### Action item:
Start at the first line below and write out everything verbatim except the pictures.

### Data block:
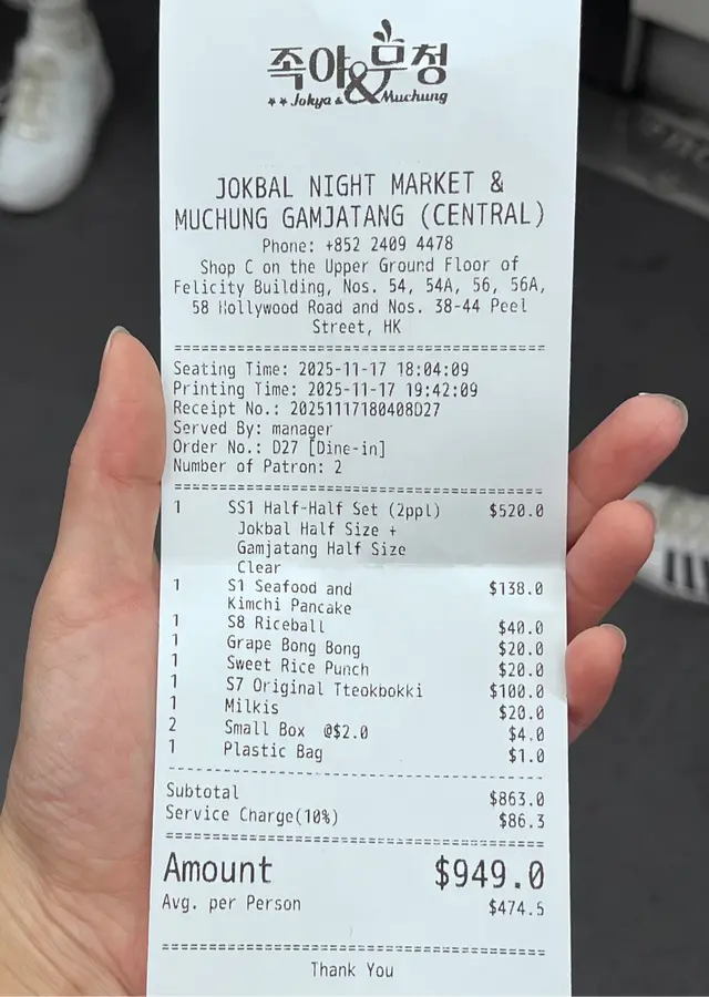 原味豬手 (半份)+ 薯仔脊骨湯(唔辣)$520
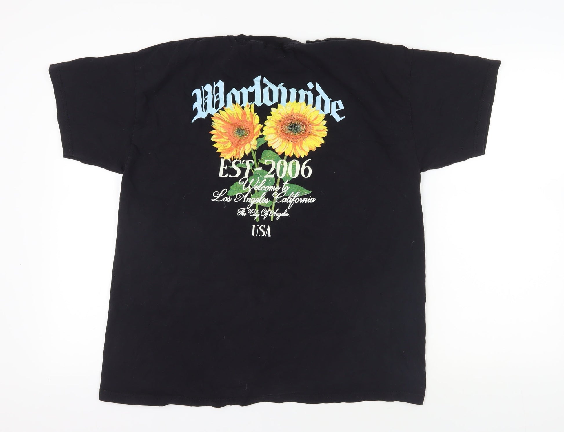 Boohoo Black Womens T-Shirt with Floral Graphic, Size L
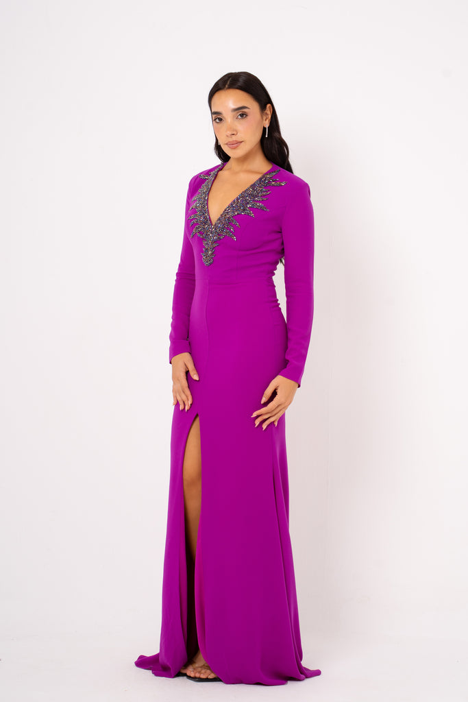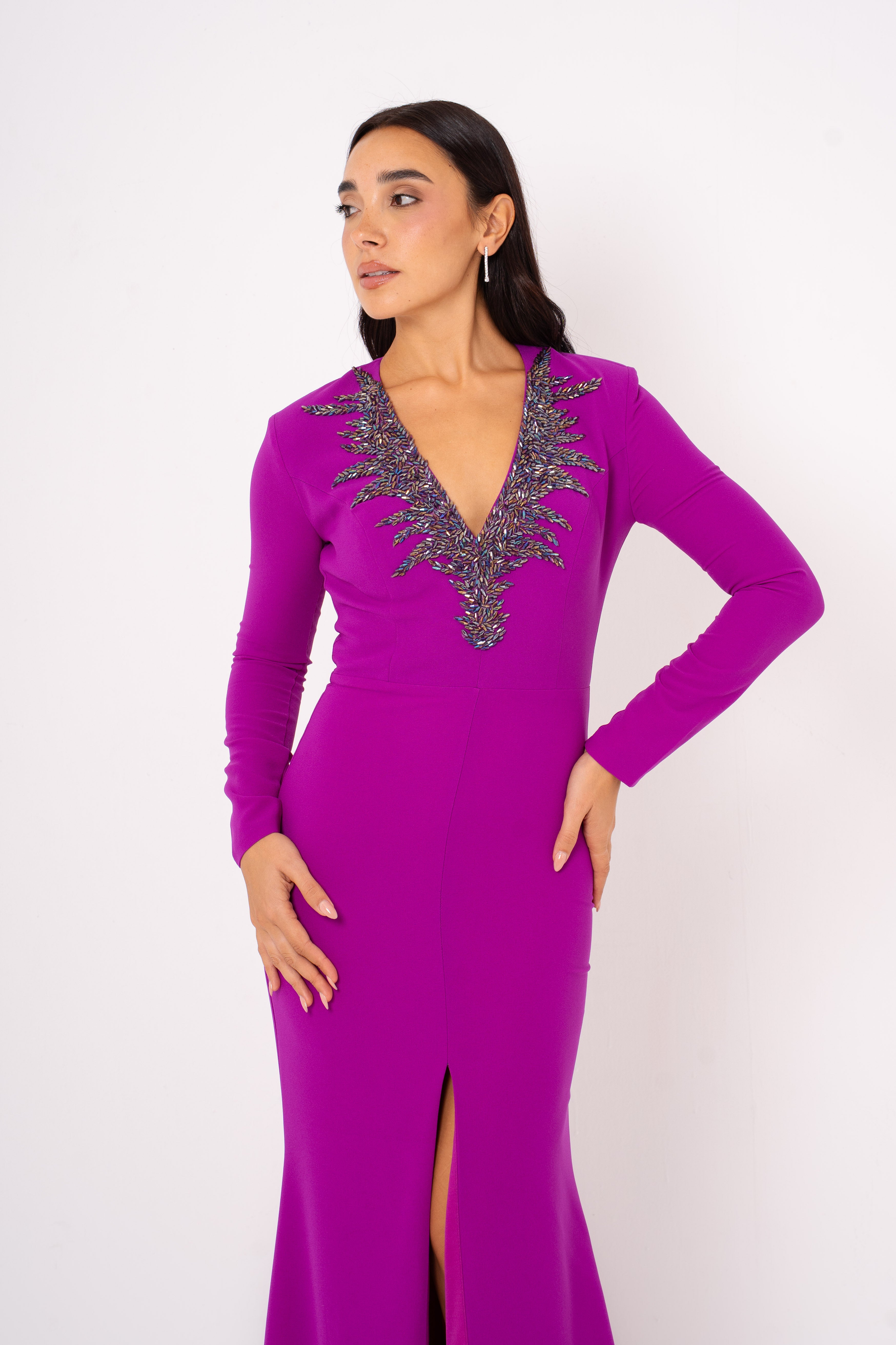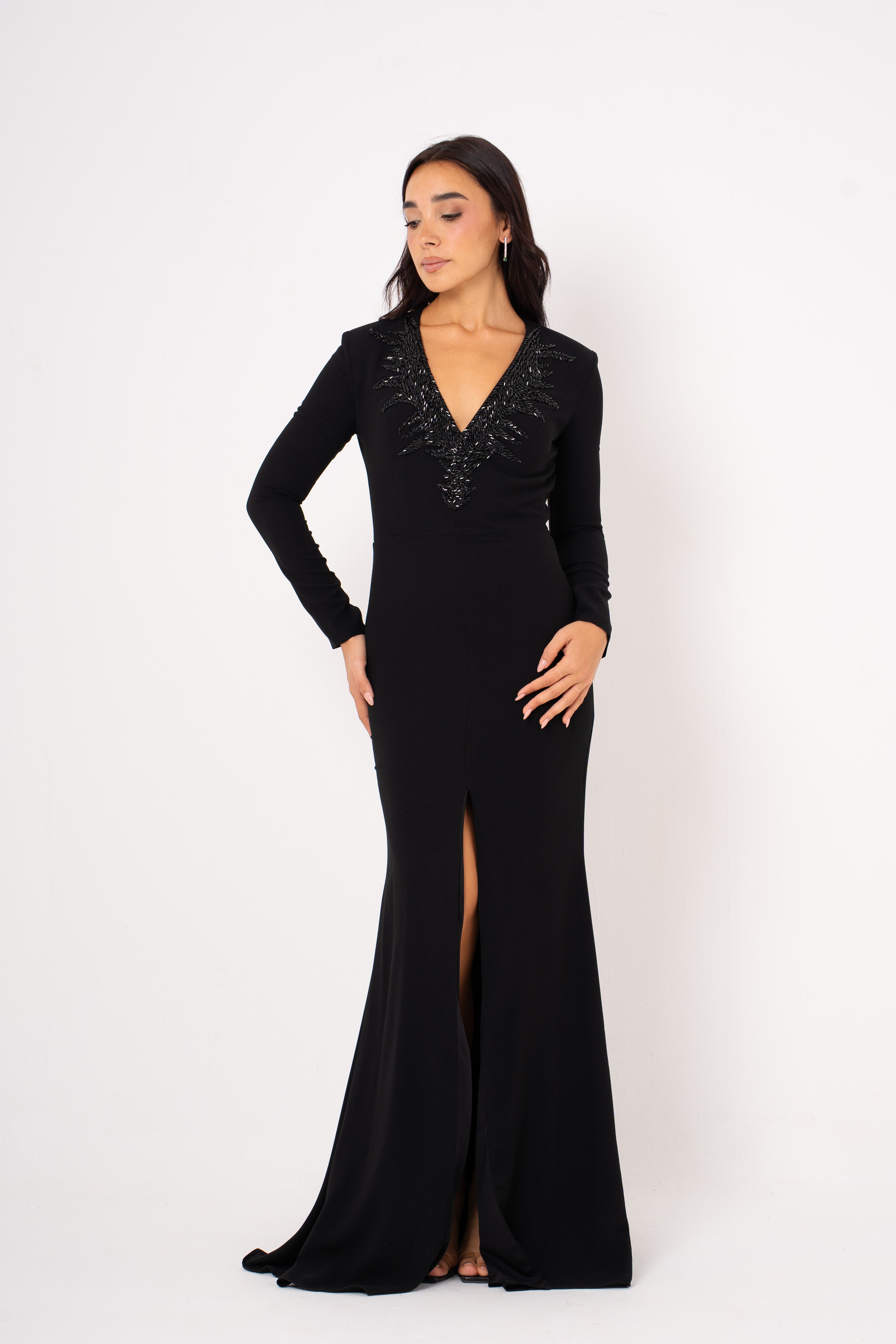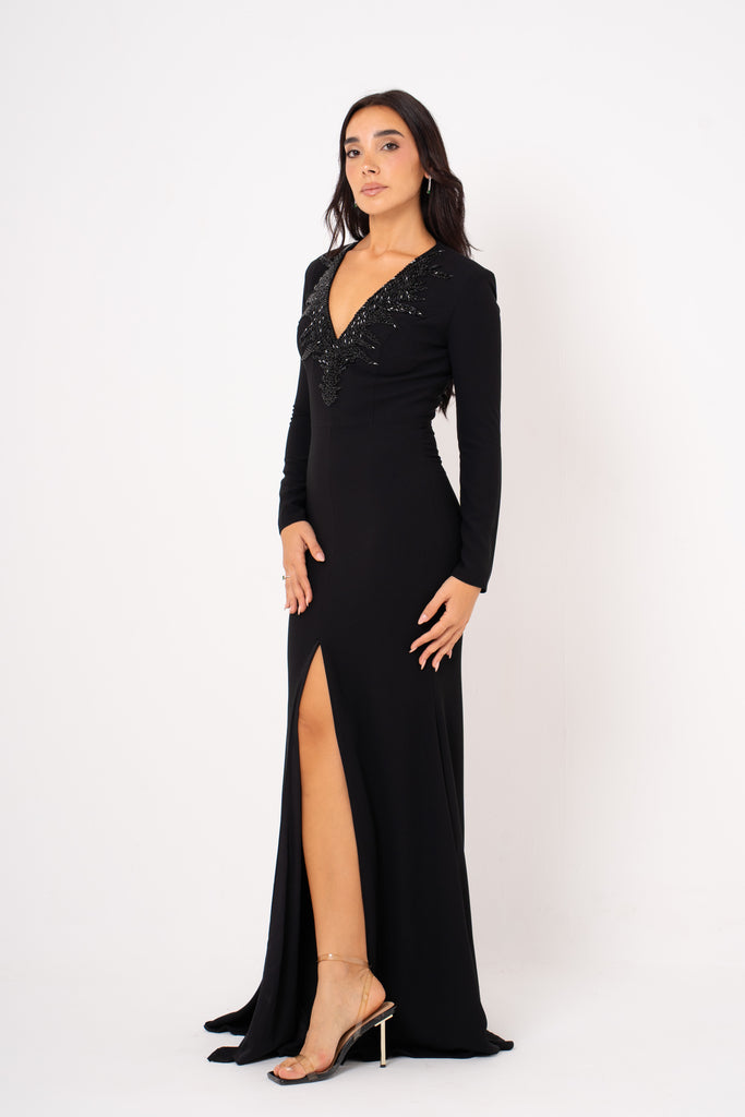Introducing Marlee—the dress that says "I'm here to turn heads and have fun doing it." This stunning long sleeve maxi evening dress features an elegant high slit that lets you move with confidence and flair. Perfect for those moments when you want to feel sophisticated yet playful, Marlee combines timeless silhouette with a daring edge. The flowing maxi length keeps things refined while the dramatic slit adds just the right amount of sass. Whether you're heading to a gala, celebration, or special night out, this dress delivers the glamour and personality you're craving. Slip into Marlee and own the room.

### Solution to the problem:
 原味豬手 (半份)+ 薯仔脊骨湯(唔辣)$520
 Boohoo Black Womens T-Shirt with Floral Graphic, Size L
Introducing Marlee—the dress that says "I'm here to turn heads and have fun doing it." This stunning long sleeve maxi evening dress features an elegant high slit that lets you move with confidence and flair. Perfect for those moments when you want to feel sophisticated yet playful, Marlee combines timeless silhouette with a daring edge. The flowing maxi length keeps things refined while the dramatic slit adds just the right amount of sass. Whether you're heading to a gala, celebration, or special night out, this dress delivers the glamour and personality you're craving. Slip into Marlee and own the room.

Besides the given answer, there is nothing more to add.